● What to produce: An exact copy of every record, with no pictures, please.

[Task material Boundary: Start]

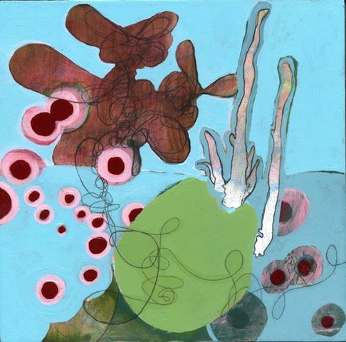 The biggest change over the past five years has been a reemergence of narrative elements in my work. Birds, bees, found objects, and plant elements have been incorporated in my mostly abstracted scenes. My concepts and interests have remained constant but my way of presenting them has definitely evolved.
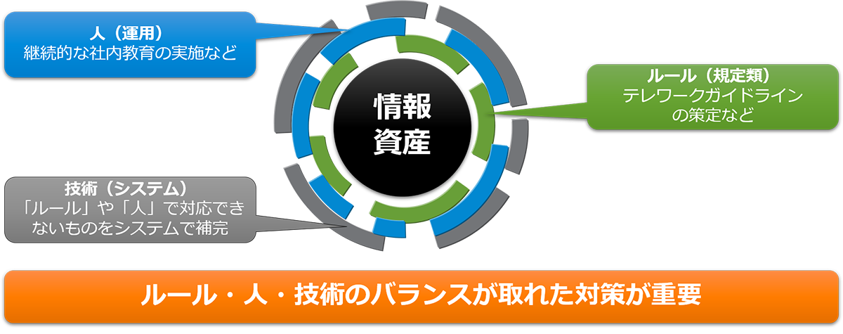 パスワードをふせんに書いてノート PC に貼り、コワーキング施設でパソコンにログインしたまま昼食に出かけた、というリスクは技術では防げません。長期的に、かつ、効果的にテレワークを運用するにあたって、ルール作りや従業員教育は欠かせない要素です。
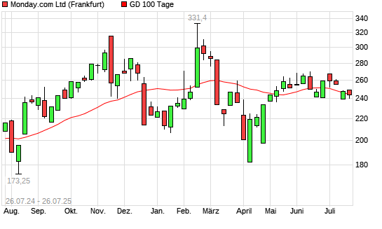 Mit dem Rücksetzer auf 243,60 EUR hat die Monday. Com-Aktie am 25.07.2025 die 100-Tage-Linie nach unten gekreuzt.
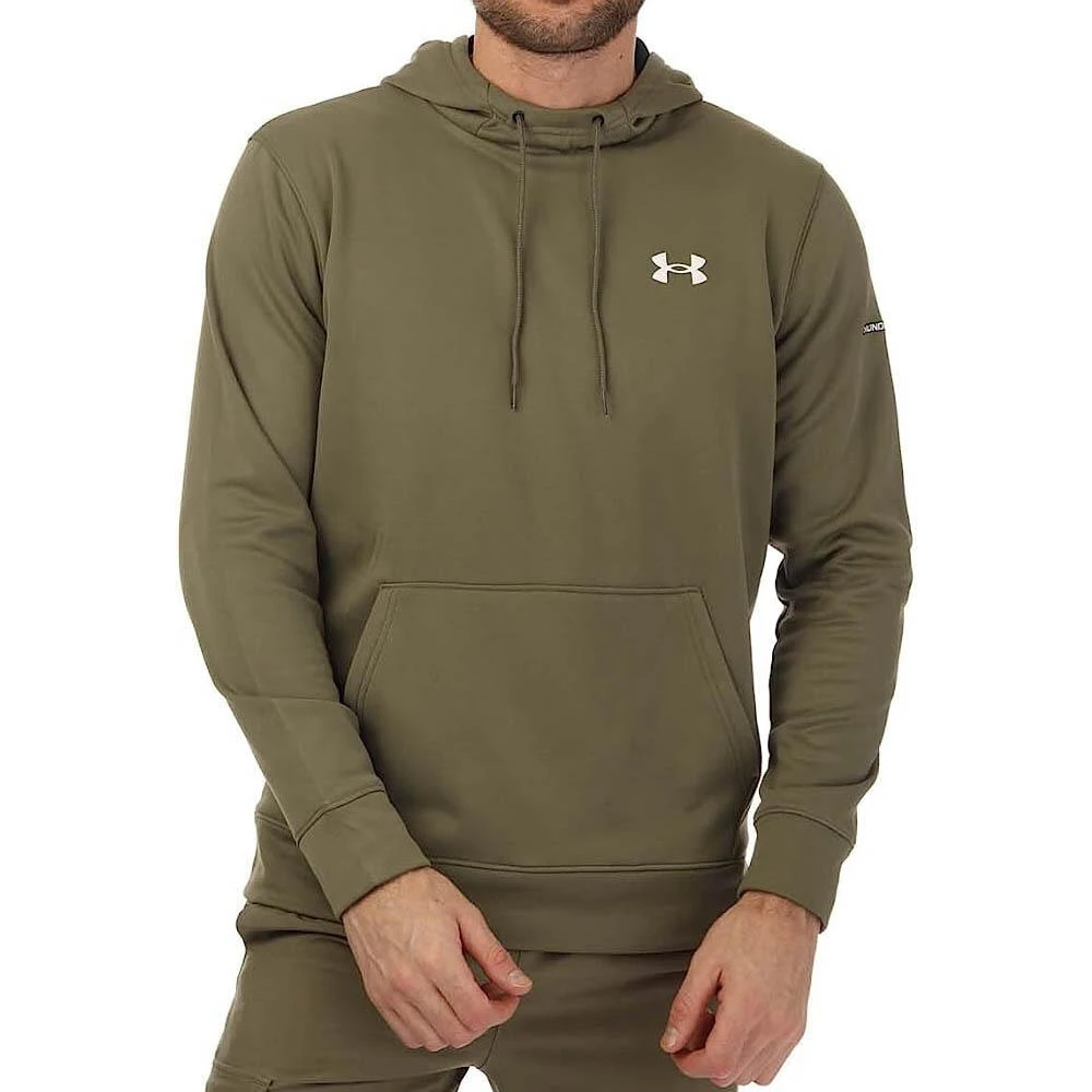 Made from an ultra-soft, lightweight cotton-blend fleece and a brushed interior for enhanced warmth. The attached hood is adjustable thanks to the dual drawcord system. Front kangaroo pocket for convenient storage. Ribbed cuffs and bottom hem. Under Armour logo to left chest.
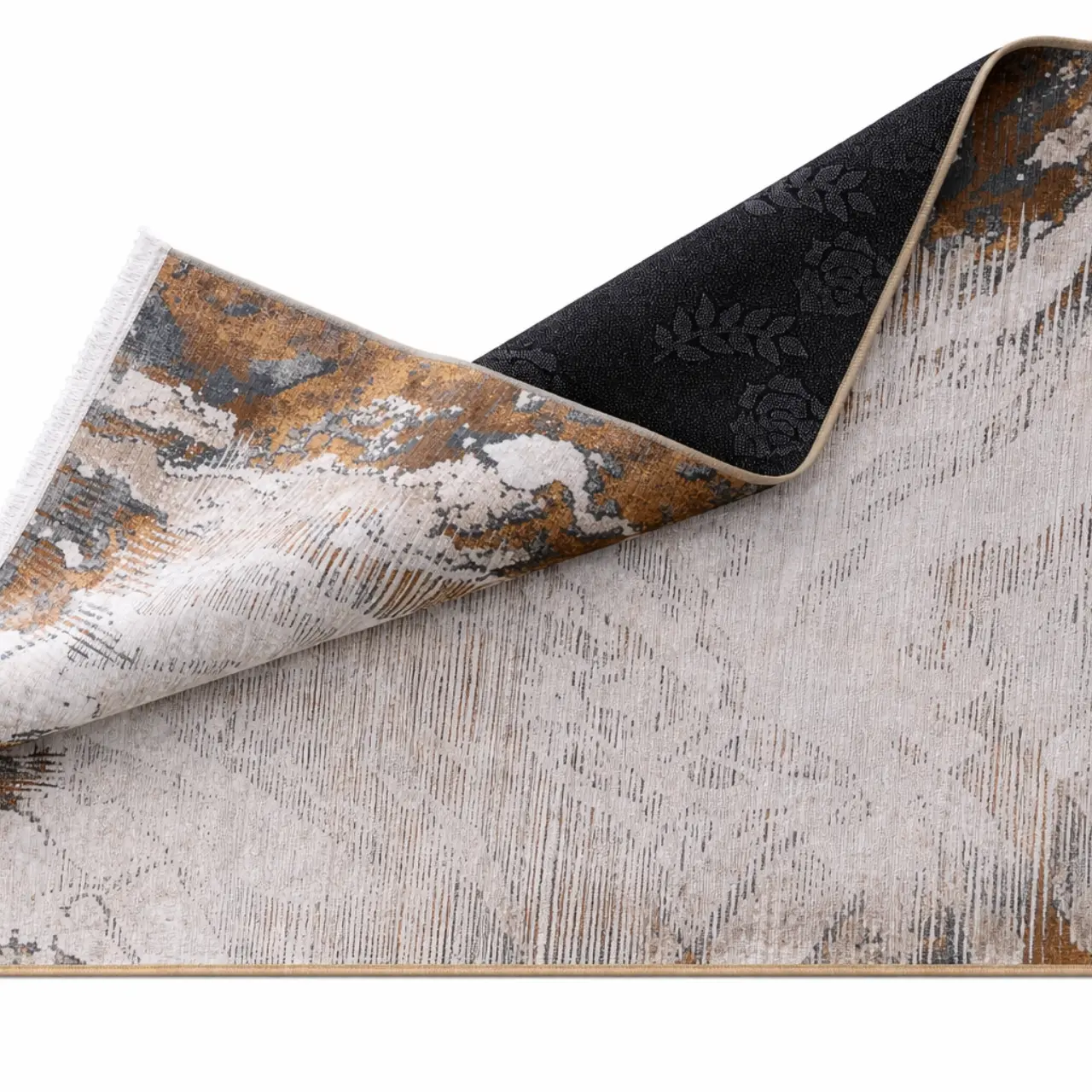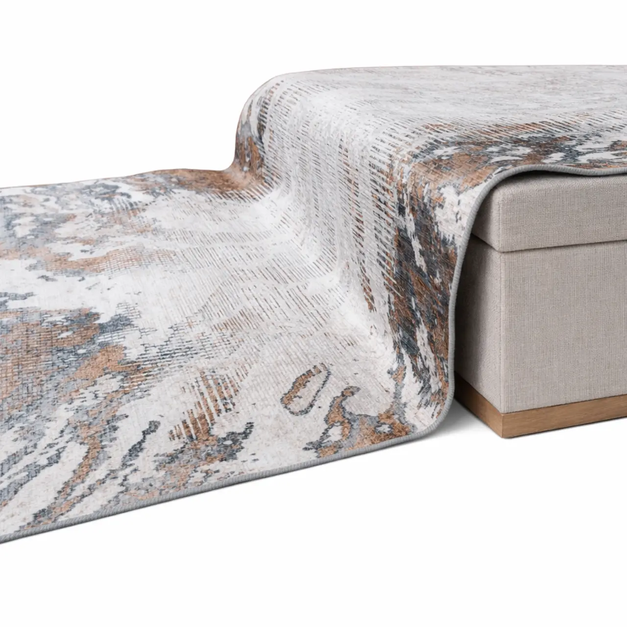 Transform your space with this modern abstract printed rug featuring a neutral cream base with rust and charcoal detailing. Its distressed design adds warmth and texture while maintaining a refined look. Additionally, the 160 x 220 cm size makes it perfect for living rooms, bedrooms, and offices, offering a stylish and versatile foundation that complements both modern and rustic interiors beautifully.

[Task material Boundary: End]

● Response below:
 The biggest change over the past five years has been a reemergence of narrative elements in my work. Birds, bees, found objects, and plant elements have been incorporated in my mostly abstracted scenes. My concepts and interests have remained constant but my way of presenting them has definitely evolved.
 パスワードをふせんに書いてノート PC に貼り、コワーキング施設でパソコンにログインしたまま昼食に出かけた、というリスクは技術では防げません。長期的に、かつ、効果的にテレワークを運用するにあたって、ルール作りや従業員教育は欠かせない要素です。
 Mit dem Rücksetzer auf 243,60 EUR hat die Monday. Com-Aktie am 25.07.2025 die 100-Tage-Linie nach unten gekreuzt.
 Made from an ultra-soft, lightweight cotton-blend fleece and a brushed interior for enhanced warmth. The attached hood is adjustable thanks to the dual drawcord system. Front kangaroo pocket for convenient storage. Ribbed cuffs and bottom hem. Under Armour logo to left chest.
 Transform your space with this modern abstract printed rug featuring a neutral cream base with rust and charcoal detailing. Its distressed design adds warmth and texture while maintaining a refined look. Additionally, the 160 x 220 cm size makes it perfect for living rooms, bedrooms, and offices, offering a stylish and versatile foundation that complements both modern and rustic interiors beautifully.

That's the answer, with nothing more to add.